As a teenager, Bárbara Varassi Pega fell under the spell of tango in her hometown of Rosario, Argentina. Her attraction has only intensified since — so much so that she went on to post-graduate study in the field and has made playing, teaching, researching, composing and arranging tango her life’s work.
What has drawn her to this soulful music that traces its origins to the 1880s borderlands between Argentina and Uruguay? “Its power,” Pega said via e-mail, “its unique and amazing possibilities for expression; its complexity, beauty, strength and intimacy, all alternating wildly, full of life, and the amazing feeling of playing this music with others.”
Pega will be at the keyboard when the Quinteto Astor Piazzolla performs a special concert Nov. 19 under the auspices of Symphony Center Presents. This appearance, as well as Chicago Symphony Orchestra concerts Nov. 18-21 featuring Piazzolla’s Aconcagua Concerto for Bandoneón and Orchestra, mark the centennial of the Argentine composer and bandoneón master. Along with Pega, Quinteto Astor Piazzolla consists of Pablo Mainetti (bandoneón), Serdar Geldymuradov (violin), Armando de la Vega (guitar), Daniel Falasca (bass) and Julián Vat (musical director).
Piazzolla is internationally acclaimed as the inventor of nuevo tango, transforming traditional tangos for the dance floor into concert works that incorporate elements of jazz and classical music. “Piazzolla made possible the biggest internationalization of tango music around the globe and showed a new and refreshing way of creating and performing tango music fully based on the tango tradition,“ she said. ”This opened many new paths, and all generations of musicians since have been influenced to a greater or lesser extent by the musical legacy of this great musician. Just like with Beethoven or Stravinsky, there is a before and after Piazzolla.”
In 1960, the composer formed his first quintet, with bandoneón (a kind of concertina popular in Argentina and Uruguay), piano, violin, electric guitar and double bass, an innovative combination that many experts believe is the most authentic and expressive vehicle for his music. He organized a second quintet in 1978 that toured for 10 years. “The quintet is the perfect lineup, the one that even Piazzolla loved the most,” Pega said. “It is the best combination of instruments, timbres, registers, sounds and colors. It is the perfect reduction of the most emblematic ensemble of traditional tango, which is the orquesta típica.”

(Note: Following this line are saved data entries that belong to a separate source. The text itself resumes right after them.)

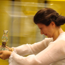 Diese Arbeit bezieht auf die Performance Apeiron, die erstmals in der Kunsthalle Bielefeld aufgeführt wurde. Wie in einer Prozession geht die Künstlerin in mit Spitzen besetzten Kleidung und mit einer Öllampe die ganze Ubahn Station U2 Alexanderplatz in Zeitlupentempo entlang. Sie nutzt die gesamte Fläche der U-bahn, während Sie scheinbar ziellos umhergeht. Es scheint, dass der Weg das Ziel ist. Zeitgleich ist die Musik von Stanly Kubrik, lux aeterna (Odysee 2001) zu hören, in der Frauenchöre in creschendo artiger Weise singen. Diese Musik ist eindringlich und unterstützt die Emotionalität, die die Künstlerin ausstrahlt. Das langsame Laufen widerspricht der Hektik der Ubahn und wirkt durch die Öllampe und das Spitzenkleid paradox.
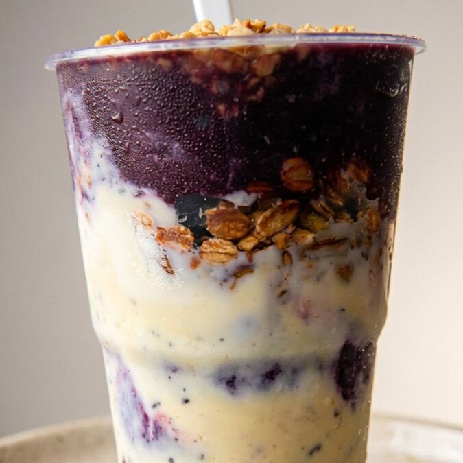 Cremoso e irresistível, feito com açaí, Ovomaltine e Nutella, finalizado com gotas de chocolate.
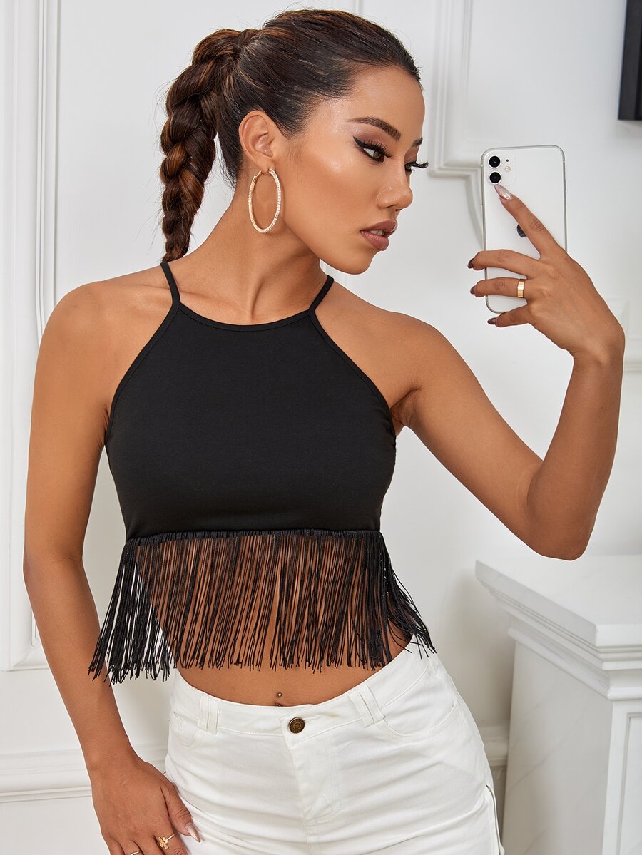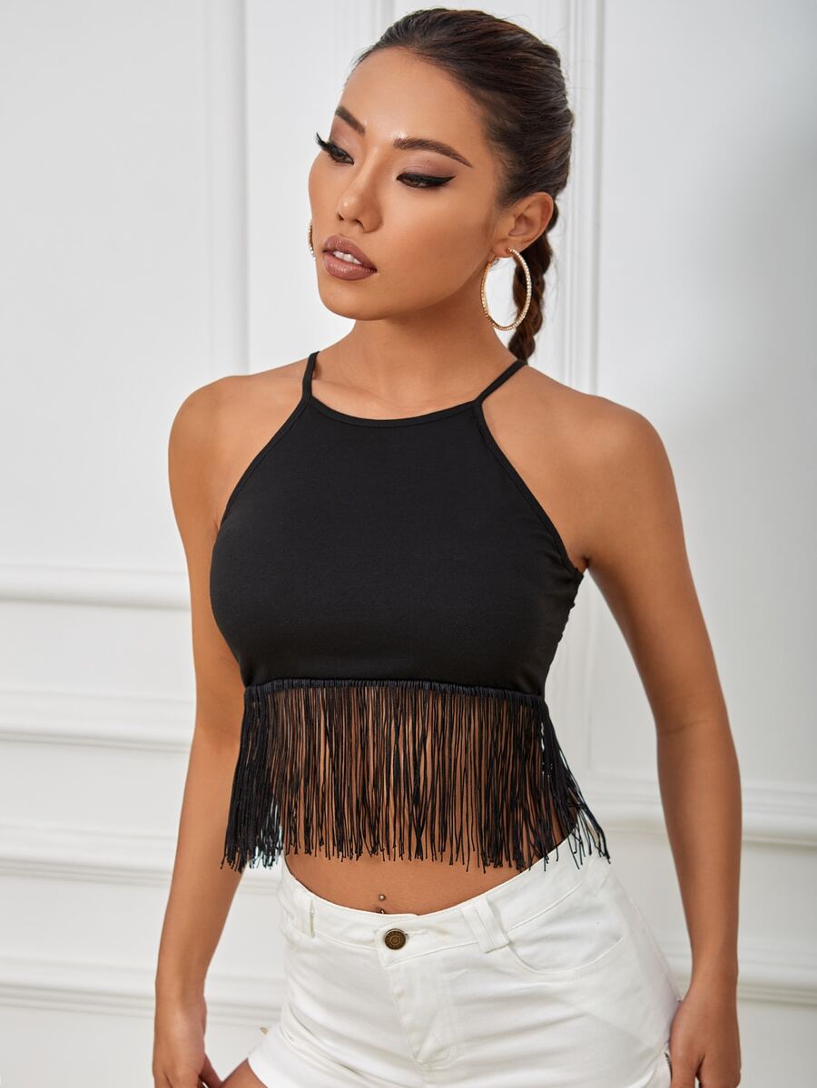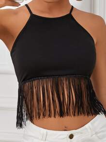 Top corto bajo con fleco de cuello halter

Six years after the composer’s death in 1992, his widow, Laura Escalada Piazzolla, established the Quinteto Astor Piazzolla to continue the composer’s legacy and keep alive the works he wrote for this combination, along with a few arrangements of compositions for other instrumental combinations. The group makes a point of performing pieces that are less widely known and performed, so audiences can get a fuller understanding of the composer’s accomplishments.
“His music has such an impact on the audience,” Pega said, “not only because of its beauty and power, but also because it is accessible to everyone, in the sense that it is related to classical music, traditional tango and even jazz. People, regardless of their nationality, can feel some degree of familiarity with its fascinating uniqueness. It is a kind of a wave that goes straight to the heart and leaves no one indifferent.”
As a child, Pega began studying classical piano and later discovered tango. Although not as large or prominent as Buenos Aires, Rosario has a strong tango tradition, and she attended concerts featuring the tango orchestra of Domingo Federico (with the “late, great” Octavio Brunetti at the piano) and the tango trio of Rodolfo “Cholo” Montironi (with Javier Lo Ré at the piano). “Back then, when I realized I wanted to play tango and actually started to do so,“ she said. ”It was an oddity for a teenager, and even more for a girl, to play tango. So I was rather shy about it and didn’t tell it too much around.”
After earning an undergraduate degree in Rosario, she won a scholarship for further studies in classical piano at a conservatory in Milan. Everything changed in Italy when she met pianist, composer and arranger Gustavo Beytelmann, who played with Piazzolla. She took private lessons with him in Paris and went on to complete a master’s degree in tango at the Codarts University for the Arts in Rotterdam in 2009. “I got so enthusiastic about it — and it went so well — that I went further with a PhD trajectory, which I finished in December 2014. So parallel to my activities as a musician, I’ve developed an academic profile, also around tango music.”
Pega, who now resides in the Netherlands, joined Quinteto Astor Piazzolla several months ago for a European tour, and she has performed with the group many times since. “COVID-19 regulations are a big issue nowadays,“ she said, ”but we still manage to tour and travel a lot, thanks to the quintet’s great team and the huge passion and drive of all its members, including the musical director Julián Vat and the producer Darío Vaccaro, and of course, the amazing musicians who make up the quintet.”